Lygonos,
I've answered several times with examples and deleted them all. Too close.
If you are genuinely trying to do the best for the business, and the best for the welfare of employees, both of which I believe i am known for, then it is simply a matter of helping those concerned understand reality.
It is very, very rare that one meets a truly malicious person, they are usually just in the wrong place, scared and defensive. And in my experience typically have been very badly managed in the past. By an large no employee chooses a job that they can't do on purpose.
It is a matter of making people genuinely feel that I am seeking the right solution for everybody, that I am the person or organization that will help them get it, and that screwing with me will go very very badly wrong.
The really, really tough ones, the ones that keep me awake, are where you have a genuinely good person, good work ethics, valuable in the past, but that no longer has a skillset that the bus9iness requires but that really, really needs the job.
Getting rid of t***s is easy, but strangely very rarely the position. People prefer to be valuable and successful, it's a matter of giving them the right opportunity to be so.
The genuinely malicious and useless will usually take the first severance offer they can get their hands on.
Usually getting shot of someone is followed up fairly swiftly by dumping whoever managed them as well.

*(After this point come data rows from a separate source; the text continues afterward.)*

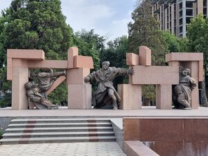 - Скульптурная группа у подножия памятника олицетворяет дружбу народов.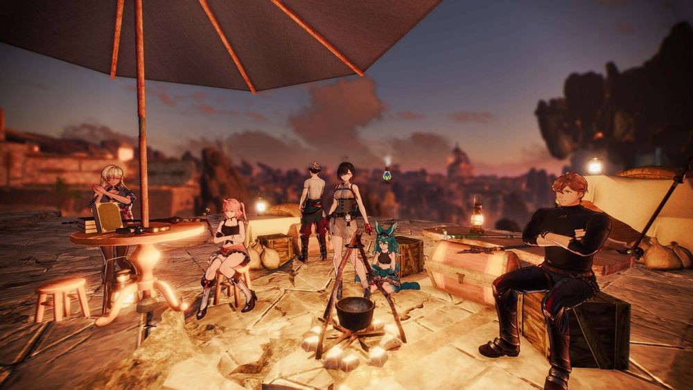 制作露营道具后在原野使用即可设置露营地。可以在露营地进行料理或休息,与伙伴一起度过休息时光。此外,进行料理可以获得有助于探索或战斗的各种效果,还会触发只有在露营时能看到的事件!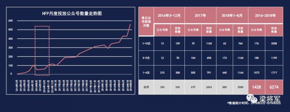 这里最典型的当属HFP。在2018年期间,他们在微信公账号上几乎每个月都有400条左右的种草文章发布。2016年-2018年之间,HFP已经在1428个公众号里投放了6274篇软文。(人工统计,可能不精准)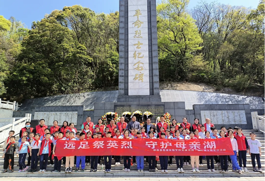 清明节前夕,都昌县思源实验学校以党建带团(队)建,开展“远足祭英烈 守护母亲湖”为主题的清明祭扫系列主题党日活动。学校全体党员、团(队)干部和学生代表及部分家长志愿者参与活动。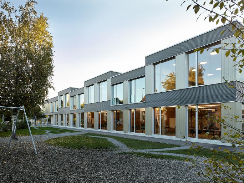 Massstäblichkeit, die die Traufhöhe vom Schulhaus Feld respektiert.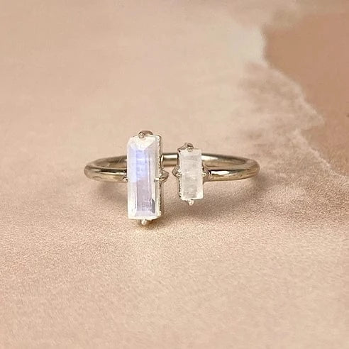 This listing is for (1) Silver Moonstone Duo Ring: a stunning piece that combines the calming and intuitive properties of Moonstone with the elegance of sterling silver. Moonstone is known as a stone of new beginnings, fostering inner growth and strength. It is particularly powerful for balancing emotions and enhancing feminine energies, making it an ideal companion for meditation and personal development.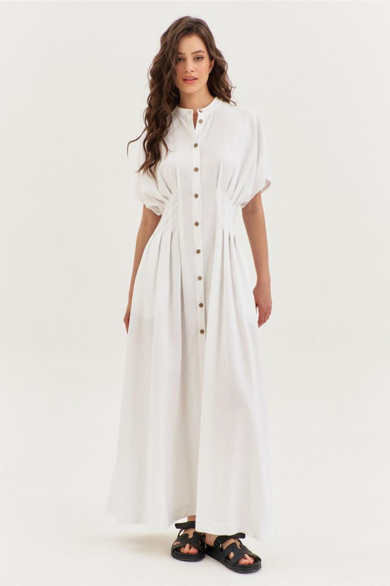 Платье полуприлегающего силуэта, расширенное к низу, длиной макси, с цельнокроеными рукавами. По талии застрочены складки. В боковых швах обработаны карманы. По переду застежка на петли и пуговицы. По горловине воротник-стойка.
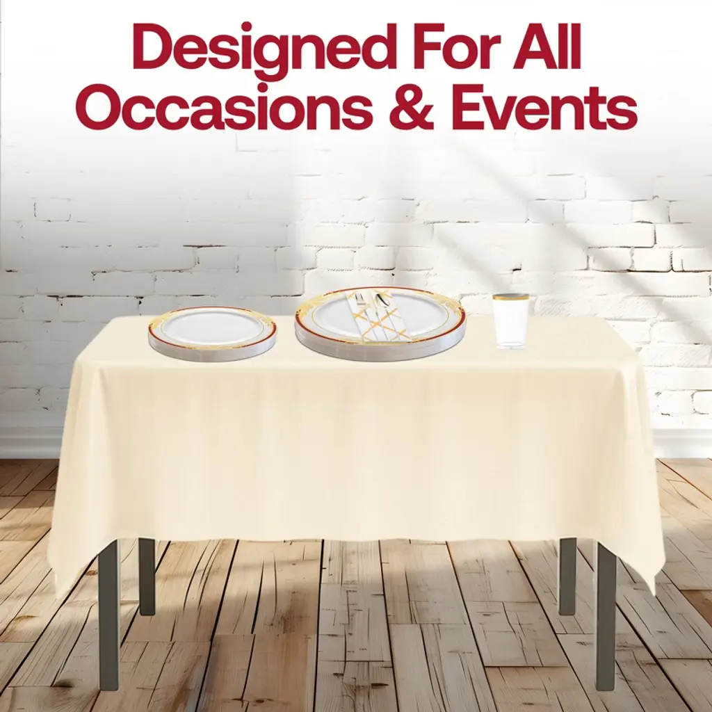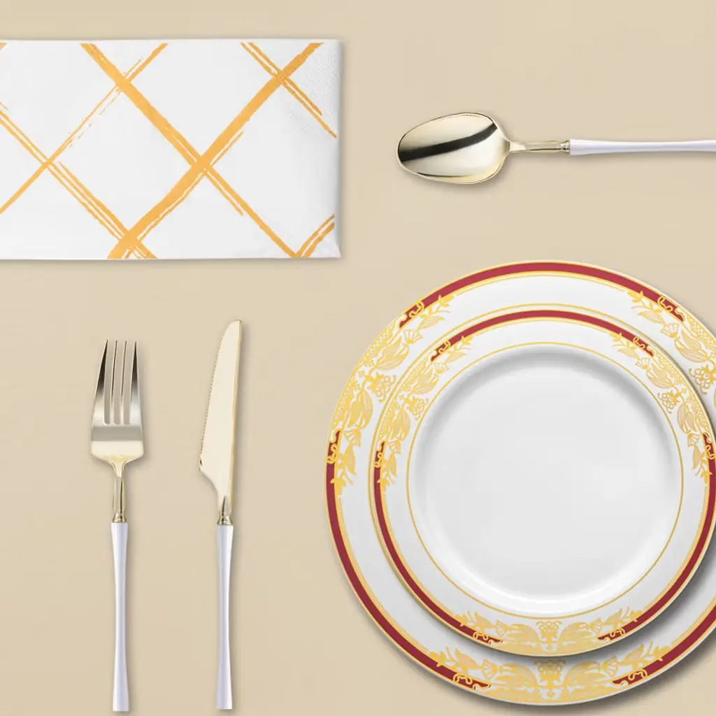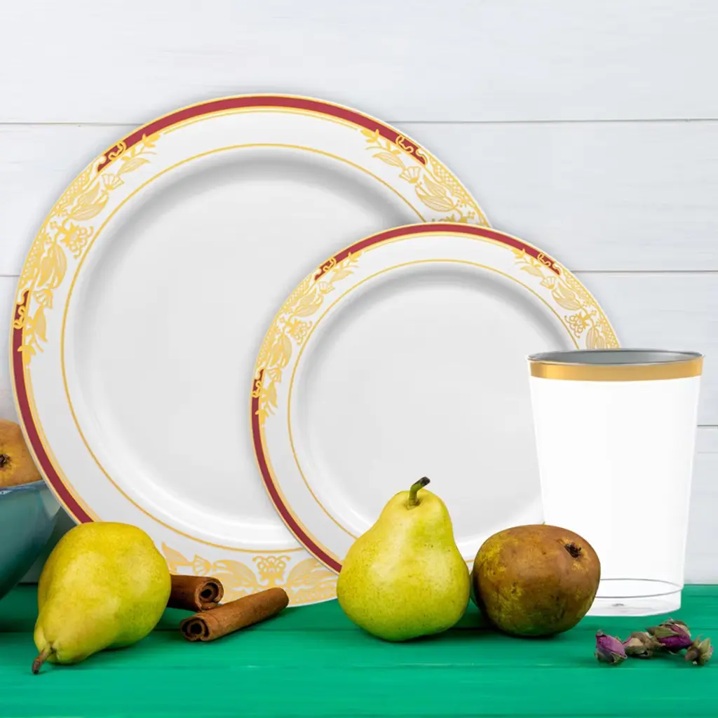 Make a lasting impression at your next event with this luxury disposable dinnerware set for 60 guests, featuring white dinner and salad plates detailed with rich burgundy and shimmering gold. The set includes stylish gold-and-white flatware, clear tumblers with gold rims, ivory tablecloths, and coordinating white napkins with gold accents to create a polished and festive tablescape. Crafted from durable BPA-free plastic, this set delivers the sophistication of fine china with the ease of disposable cleanup. Perfect for weddings, holiday celebrations, banquets, and upscale dinner parties, it ensures your large gathering is both elegant and effortless.

One takes no action until one understands all the actions that one will take and the implications of them.
One remembers that one has a goal, and that one doesn't really give a s*** why someone leaves, just so long as they do. And if it helps them to tell everybody that they 'won' then it's no skin off my nose and one less problem in my day.
Egos have no place.
I'll answer in detail with helpful examples in email if you are sufficiently interested, but not in public.